Люсьен, вернувшись из Реймса, куда его пригласили за хорошую плату прочитать лекцию об «увязании фронта», потребовал краткого отчета о событиях. София так и не появилась. Жюльет ходила к Пьеру Реливо, который сказал, что волноваться нечего, она вернется. Он казался озабоченным, но говорил уверенно. Это наводило на мысль, что София как-то объяснила свой уход. Но Жюльет не понимала, почему ей она ничего не сказала. Ее это тревожило. Люсьен пожал плечами. Не в обиду Жюльет будь сказано, но София вовсе не обязана обо всем ей докладывать. Однако Жюльет стояла на своем. София не пропустила ни одного четверга, не предупредив ее. Специально для Софии готовили рагу из телятины с грибами. Люсьен пробормотал, что рагу из телятины ничего не значит, когда случается что-то непредвиденное, не терпящее отлагательства. Но для Жюльет, конечно, рагу из телятины – прежде всего. Однако Жюльет далеко не глупа. Обычная история: стоило ей отвлечься от повседневных забот, от самой себя и от рагу из телятины, как она сморозила глупость. Она надеялась, что старый комиссар сумеет что-то вытянуть из Пьера Реливо. Хотя, как она поняла, Ван-дузлера нельзя считать образцовым полицейским.
– Но все же, – сказала Жюльет, – полицейский остается полицейским…
– Не обязательно, – возразил Марк. – Разжалованный полицейский может стать антиполицейским, а то и оборотнем.
– Может, ей надоело рагу из телятины? – спросил Вандузлер.
– Вовсе нет, – сказала Жюльет. – Она даже ест его по-особому. Выкладывает в ряд грибы, вроде нот на нотном стане, и методически опустошает тарелку, такт за тактом.
– Организованная женщина, – заметил Вандузлер. – Не из тех, кто исчезает без предупреждения.
– Если муж не беспокоится, – сказал Люсьен, – значит, у него на то есть веские причины, и он не обязан выставлять напоказ свою частную жизнь только потому, что его жена дезертировала и пренебрегла рагу. Оставим все как есть. Женщина вправе на некоторое время исчезнуть, если ей приспичило. Не понимаю, к чему устраивать за ней погоню.
– И все-таки у Жюльет что-то есть на уме, чего она нам не говорит, – сказал Марк. – Дело ведь не только в рагу, верно, Жюльет?
– Верно, – призналась Жюльет.
Она была хороша собой в слабом свете, озарявшем чердак. Охваченная тревогой, она не думала об одежде. Сидела, наклонившись вперед и скрестив руки, так что платье не вплотную прилегало к ее телу, и Марк отметил, что Матиас встал как раз напротив нее. Опять это его застывшее волнение. И есть от чего, надо признать. Белое полное тело, круглый затылок, обнаженные плечи.

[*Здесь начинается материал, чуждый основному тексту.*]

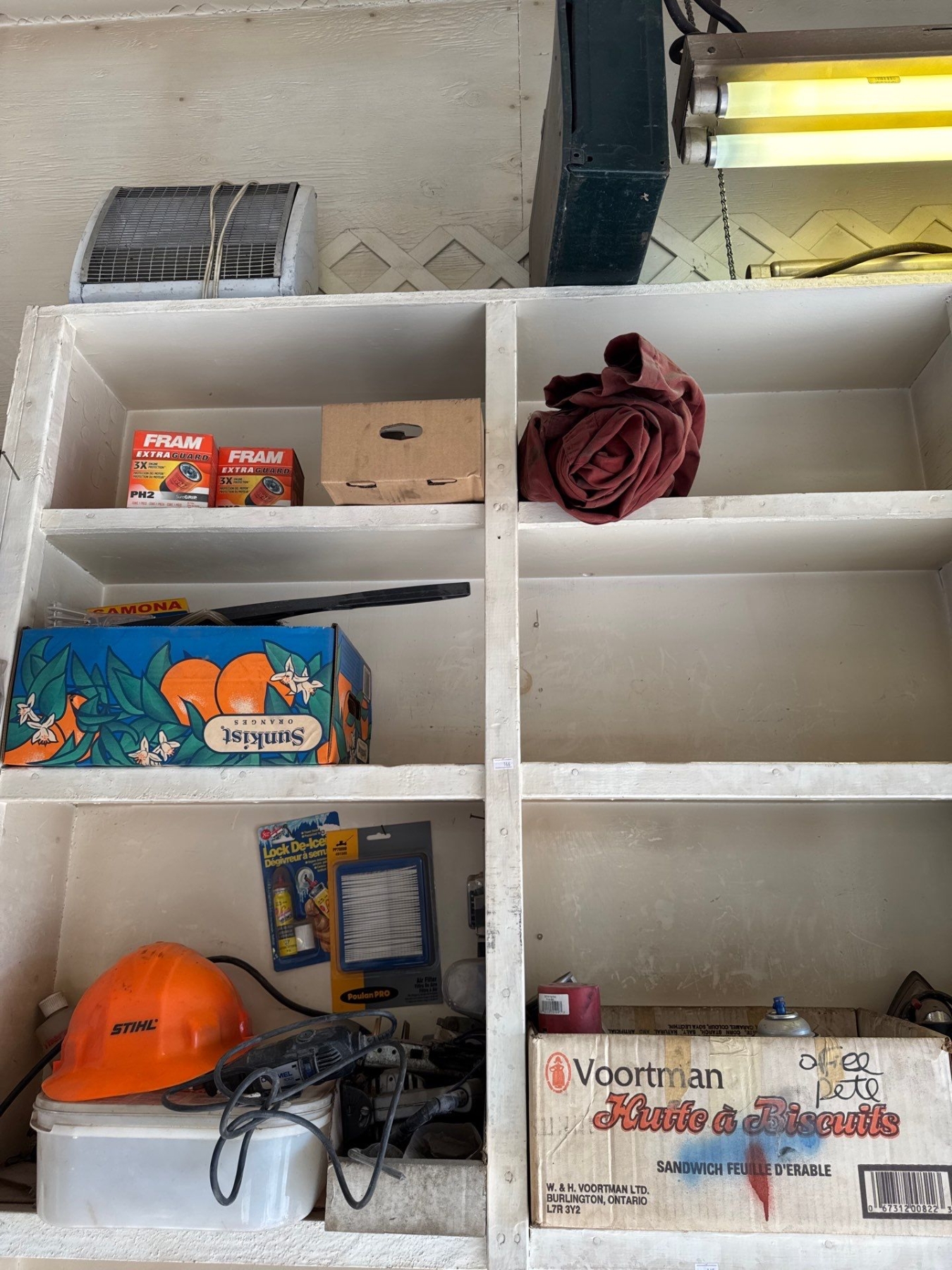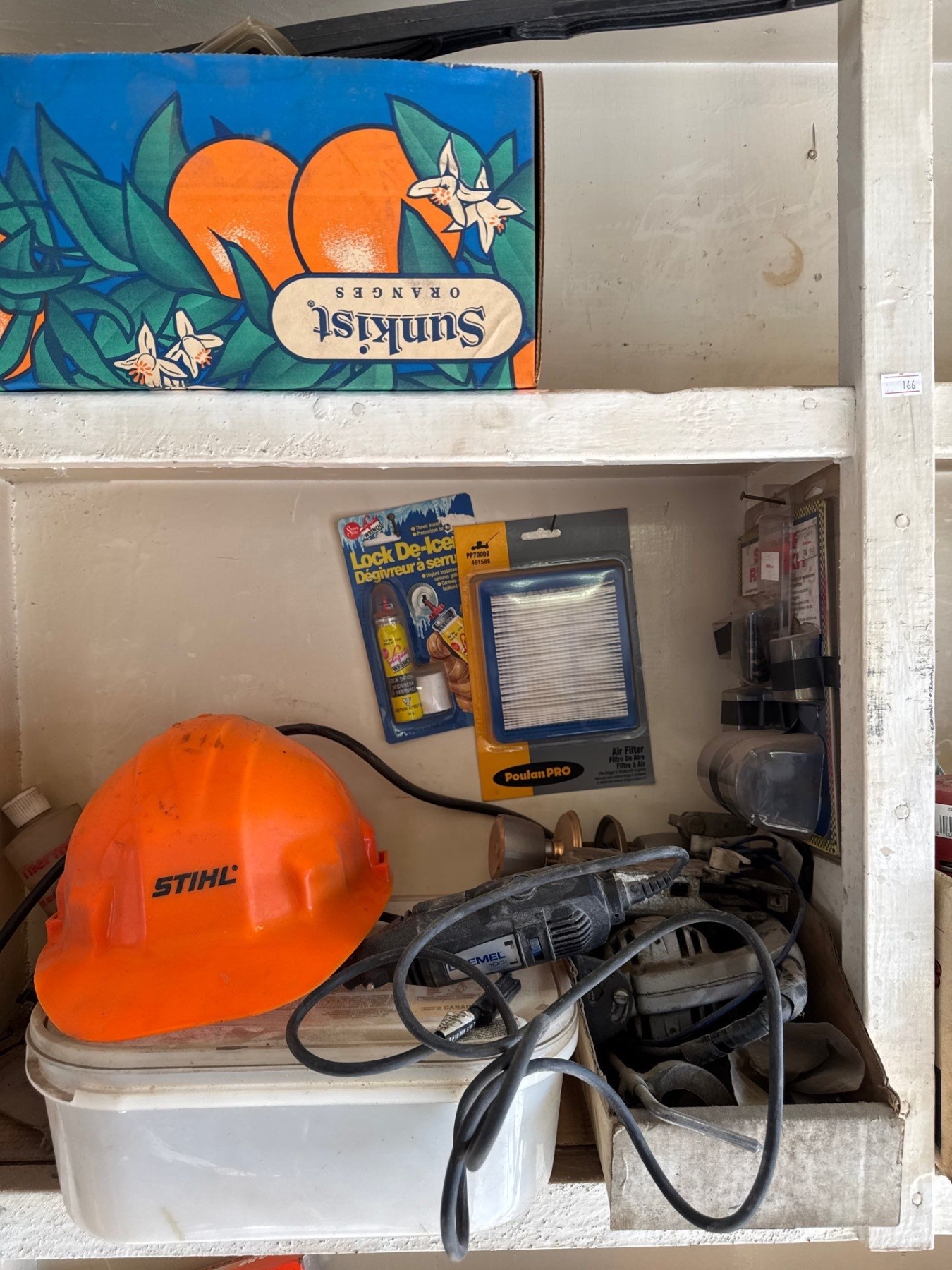 Still hardhat Dremel model 100 miscellaneous Skil saw boxes of paint cans and miscellaneous items all items on upper half of shelf, including box on top and space heater included
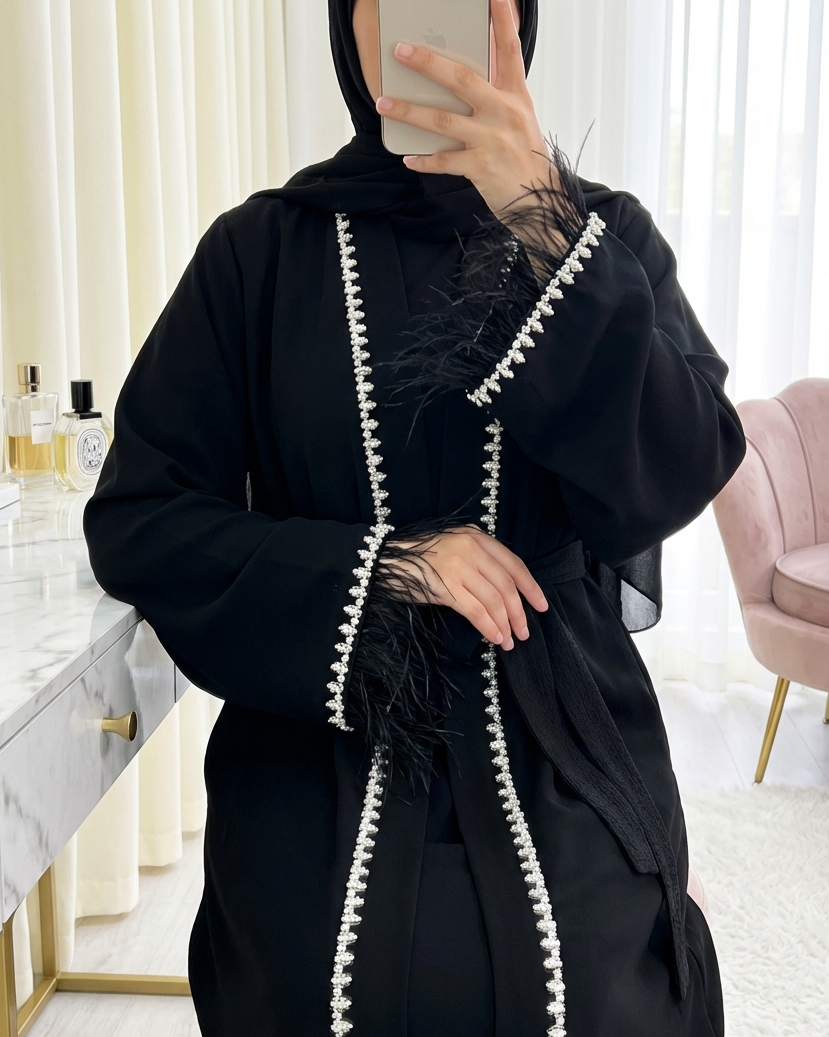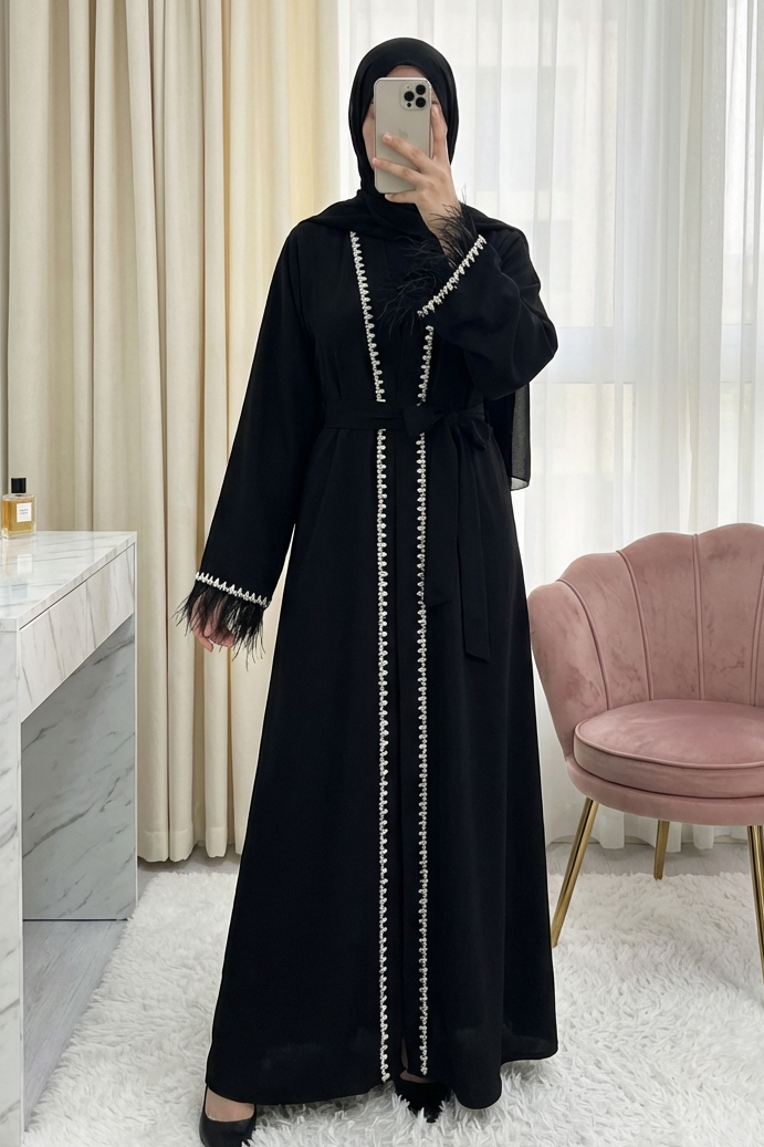 Abaya with Feathered Sleeves and Row of Stone Details, and Belt -Black

– Но если София завтра вернется, – продолжала Жюльет, – я не прощу себе, что разболтала ее маленькие секреты обычным соседям.
– Можно быть соседями, но не совсем обычными, – возразил Люсьен.
– И есть еще дерево, – мягко сказал Вандузлер. – Дерево вынуждает говорить.
– Дерево? Что за дерево?
– Об этом позже, – сказал Вандузлер. – Расскажите, что известно вам.
Трудно противиться мягкому голосу старого полицейского. Непонятно, почему Жюльет должна быть исключением.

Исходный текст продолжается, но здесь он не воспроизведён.